Aim of the task.
Please set down exactly the lines of the listing below from the line containing "Here is your" through the line containing "Paba Kite School", both lines included, leaving out all other lines.

Stored data.
++++

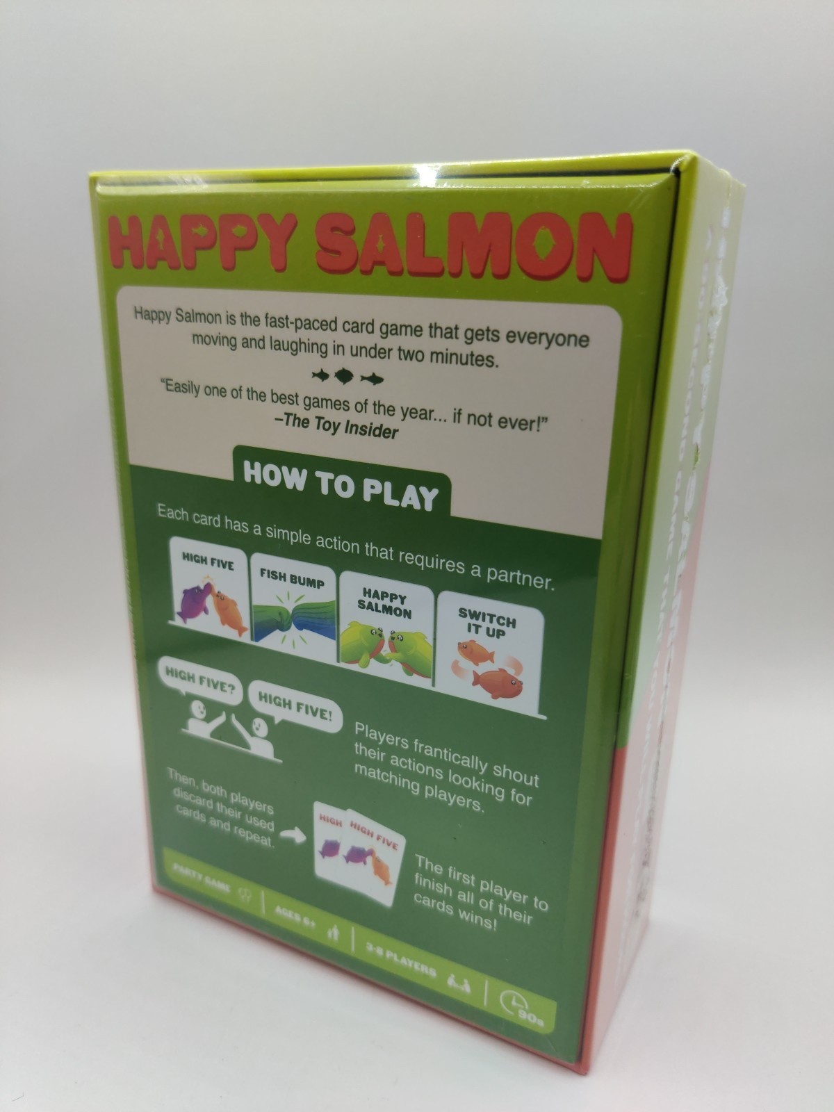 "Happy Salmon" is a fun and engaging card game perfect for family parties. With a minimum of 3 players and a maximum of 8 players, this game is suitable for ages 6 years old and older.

++++

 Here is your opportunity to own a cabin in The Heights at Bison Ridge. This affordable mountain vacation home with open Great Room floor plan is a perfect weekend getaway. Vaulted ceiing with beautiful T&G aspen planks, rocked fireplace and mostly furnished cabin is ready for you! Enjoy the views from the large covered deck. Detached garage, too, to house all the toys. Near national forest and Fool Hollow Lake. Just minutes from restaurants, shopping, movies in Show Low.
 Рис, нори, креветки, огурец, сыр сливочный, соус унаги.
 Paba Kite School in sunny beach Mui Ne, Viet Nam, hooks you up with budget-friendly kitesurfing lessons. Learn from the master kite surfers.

++++

Output.
 Here is your opportunity to own a cabin in The Heights at Bison Ridge. This affordable mountain vacation home with open Great Room floor plan is a perfect weekend getaway. Vaulted ceiing with beautiful T&G aspen planks, rocked fireplace and mostly furnished cabin is ready for you! Enjoy the views from the large covered deck. Detached garage, too, to house all the toys. Near national forest and Fool Hollow Lake. Just minutes from restaurants, shopping, movies in Show Low.
 Рис, нори, креветки, огурец, сыр сливочный, соус унаги.
 Paba Kite School in sunny beach Mui Ne, Viet Nam, hooks you up with budget-friendly kitesurfing lessons. Learn from the master kite surfers.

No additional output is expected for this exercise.